ONLYOFFICE Docs 9.3 released: enhanced PDF Editor and more signature options, multipage view for documents, Solver in sheets, GIF playback in presentation slideshow mode, AI-powered updates, and more
ONLYOFFICE Docs 9.3 released

Using the Admin Panel for ONLYOFFICE Docs

Overview

Starting from version 9.1, the ONLYOFFICE Admin Panel provides a secure web interface for managing server configuration and monitoring. This guide explains how to set up and use the authentication system.

Initial setup

By default, the Admin Panel is disabled. Follow the http://example.com/welcome page instructions to start it.

The example.com is the name of the server with the ONLYOFFICE Docs installed.

First-time installation

When you start the Admin Panel for the first time, it requires an initial setup:

  1. Start the Admin Panel server.

    • The server automatically detects that no admin password is configured.
    • A bootstrap code will be generated and displayed in the server logs.

  2. Locate your bootstrap code.

    Check the server logs for a message like:

    AdminPanel SETUP REQUIRED | Bootstrap code: ELAA8ZOCRUTX | Expires: 2025-10-01T20:50:00.000Z | Open: http://example.com/admin

    The bootstrap code is a short 12-character code (letters and numbers).

    This code is valid for 1 hour only.

    Logs for the Admin Panel can be found here:

    • For Linux - /var/log/onlyoffice/documentserver/adminpanel/out.log
    • For Docker - /var/log/onlyoffice/documentserver/adminpanel/out.log (first, enter the ONLYOFFICE Docs container using the docker exec -it <containerid> bash command)
    • For Windows - %ProgramFiles%\ONLYOFFICE\DocumentServer\Log\adminpanel\AdminPanel_<date>.out.log

    You can also use some commands to find the bootstrap code without opening logs.
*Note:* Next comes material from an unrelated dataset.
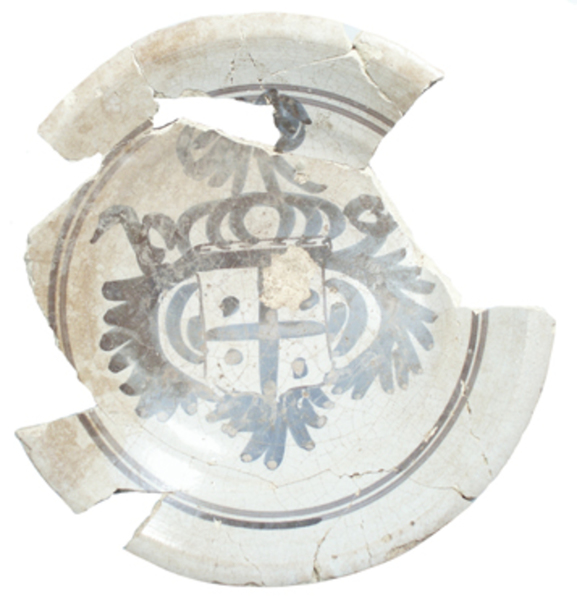 | 5c decoratie | spiegel: wapen binnen twee concentrische cirkels inwendig: blauw |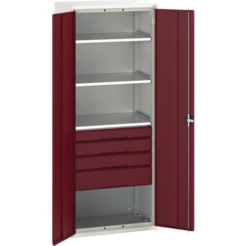 Fiókos műhelyszekrény Bott Verso, 200 x 80 x 55 cm, 3 polc, 4 fiók, szürke-piros Fiókos műhelyszekrény Bott Verso, 200 x 80 x 55 cm, 3 polc, 4 fiók, szürke-piros

For example, on Linux, execute the following command:

    sudo grep -R "Bootstrap code" /var/log/onlyoffice/documentserver -n

    For the Docker version, run this command within the ONLYOFFICE Docs container.

    On Windows, you can use the following command:

    Get-ChildItem -Path "C:\Program Files\ONLYOFFICE\DocumentServer\Log\adminpanel" -Recurse | Select-String -Pattern "Bootstrap code"

  3. Open the Admin Panel web interface.

    Navigate to http://example.com/admin — the setup page will appear.

    Admin panel setup pageAdmin panel setup page

  4. Complete setup.

    • Enter the bootstrap code from the server logs.
    • Create your admin password.
    • Click Setup.
    • You will be automatically logged in.
    Admin Panel dashboard after successful setupAdmin Panel dashboard after successful setup

    The runtime.json file will be created, which will contain the modified settings in the Admin Panel. It takes precedence over other configuration files such as local.json, default.json, production.json, etc.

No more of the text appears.